The parameters NSTEps, NPRInt, STEP, TOLEner, TOLGrad, TOLstep, and

INBFrq are associated with minimization prior to application of the acceptance

criterion (Li and Scheraga, 1987) and have the same meanings as for

MINImization (» minimiz ). Note that the INBFrq used for minimization

(set in MOVE) is distinct from that used for Monte Carlo (set in MC) even

though the command-line keywords are the same; moreover, INBFrq and NPRInt

access common variables associated with minimization directly and thus are

not stored with the rest of the move set by MOVE WRITE. During the

minimization phase of a move, all atoms that have not been constrained with

CONS FIX are considered mobile. At present, the minimization algorithms

available are steepest descents (SD) and conjugate gradients (CONJ);

in the case of CONJ, the following parameters are fixed: NCGC = 100,

PCUT = 0.9999, and TOLIter = 100. It is important that the user keep in

mind that MC with minimization does not satisfy the detailed balance

condition (microscopic reversibility) and thus should be used only for

conformational searching, not calculating equilibrium averages. Minimization

following HMC moves is not allowed.

The optional parameters SAMC, WEPSilon, MEPSilon and NEPSilon, are used for Spatial

Averaging MC simulations (SA-MC) (Refs): see the section 'SPATIAL AVERAGING SIMULATIONS'

below for more details. For each move instance the user can decide to enable

the SA-MC algorithm by putting the SAMC keyword, and then precise the 3 parameters

WEPSilon, MEPSilon, and NEPSilon.

MOVE DELEte allows the user to delete a group of move instances. The

group to be deleted is the first that matches the four-character tag specified

by LABEL or the integer specified by MVINdex; if there is a conflict, the

LABEL is used.

MOVE EDIT allows one to change the values of the parameters associated

with a group of move instances. The matching rules are the same as those for

MOVE DELEte (as a result, the LABEL parameter itself cannot be changed with

MOVE EDIT). Any parameter not specified retains its current value. If a

positive value is specified for DMAX, all move instances will be reset to

that (isotropic) value; if a negative value (default) is specified, the

maximum displacements retain their current values. If DMAX is not specified

and the ANISotropic flag changes such that anisotropy is no longer allowed

(when it was previously), the maximum displacements are assigned as the

geometric mean of the eigenvalues of the matrix used to calculate the allowed

ellipsoid from the unit sphere.

MOVE WRITe writes out the current move set to a formatted file opened

with OPEN WRITe CARD.

MOVE READ reads in a move set. If APPEnd is 0, existing moves

are eliminated; otherwise they are preserved and the new moves are appended.

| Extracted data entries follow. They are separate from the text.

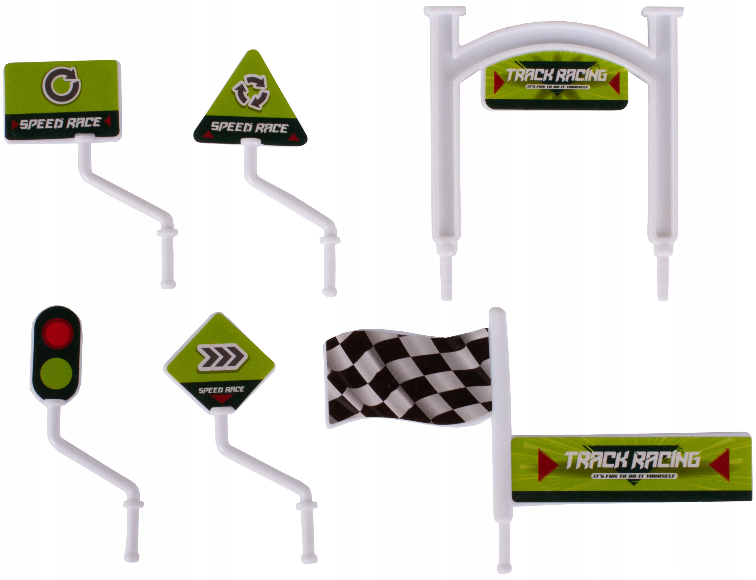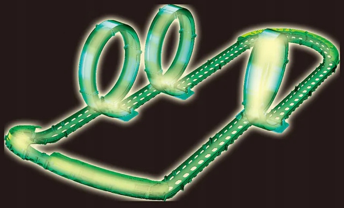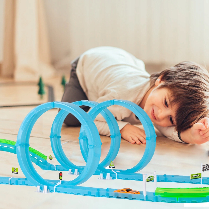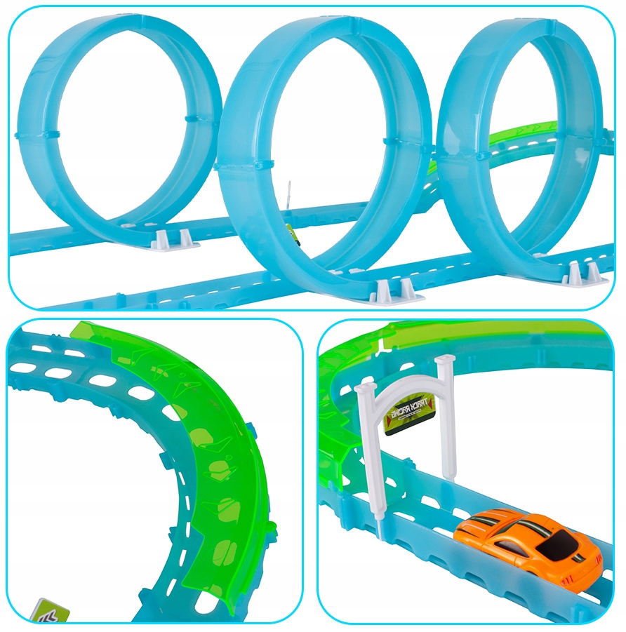 Автомобильная трасса имеет быстрый и привлекательный маршрут с тремя кругами на 360° и двумя быстрыми поворотами на 180°. По углам имеются специальные накладки, предотвращающие падение автомобиля с трассы.
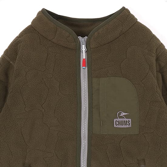 ブービーバードのシルエットのキルティングを施したフリースジャケット。キュートなブービーバードのデザインを全面に感じられるCHUMSらしい一枚。毛足が短いので着膨れせずに着用でき、アウターとしても、ミドルレイヤーとしても活躍してくれます。
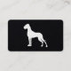 Ett minimalistiskt svart visitkort med en kraftfull vit stor dansk silhouette, utformat som en flexibel varumärsmall för uppfödare, kennlar, tränare, veterinärer och husdjurföretag som vill ha ett rent, modernt hundmotiv som kan anpassas online med deras egna kontaktuppgifter, slogan och logotyp.
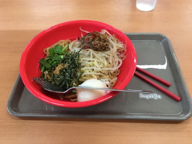 もちもちの太麺、あまり辛くなくて美味しかったです。

MOVE ADD calls can follow to expand the move set further.

MOVE LINK links two existing moves such that they are always performed

together before applying the acceptance criterion. For example, one might

wish to perform both a rigid body translation and a rigid body rotation of

a butane molecule in the same MC step. The first move group [specified by

either its label (LAB1) or index (MVI1)] remains "active", while the second

move group becomes "slaved" to the first. In other words, a move from the

second group can no longer be selected by itself (as a result, only the WEIGht

parameter of the first move group matters). At present, move instances within

the groups are matched by indices, so the two move groups must have the same

numbers of instances. MOVE LINK can be called repeatedly to create a chain

of moves. In the example mentioned above, one might also want to change the

central dihedral of the butane molecule in the same MC step. In the second

MOVE LINK call, the second move group from the first call would become the

first move group, and the new move group would be the second:

MOVE LINK LAB1 RTRN LAB2 RROT !Resulting chain is RTRN->RROT

MOVE LINK LAB1 RROT LAB2 DIHE !Resulting chain is RTRN->RROT->DIHE

Moves can be decoupled (in the reverse order by which they were linked) by

specifying only a single move label (LAB1) or index (IND1):

MOVE LINK LAB1 RROT !Resulting chain is RTRN->RROT

MOVE LINK LAB1 RTRN !All moves are treated separately

If minimization before applying the acceptance criterion is desired, it must

be associated with the first move group in the chain (RTRN in the example);

other minimization parameters will be ignored. By the same token, only the

TFACtor for the first move group will be used. Linking is not allowed with

Hybrid Monte Carlo moves (HMC).

The GCMC keyword is used to specify that a move group involves changes to

the coordinates of molecules that are inserted and deleted during grand

canonical simulations. MOVE LINK GCMC suppresses moving "ghost" molecules,

and thus saves simulation time. In contrast to other calls to MOVE LINK,

no chain of move groups is constructed, and the non-GCMC move group is still

active (not slaved).

Please note that the MOVE LINK command is presently under development.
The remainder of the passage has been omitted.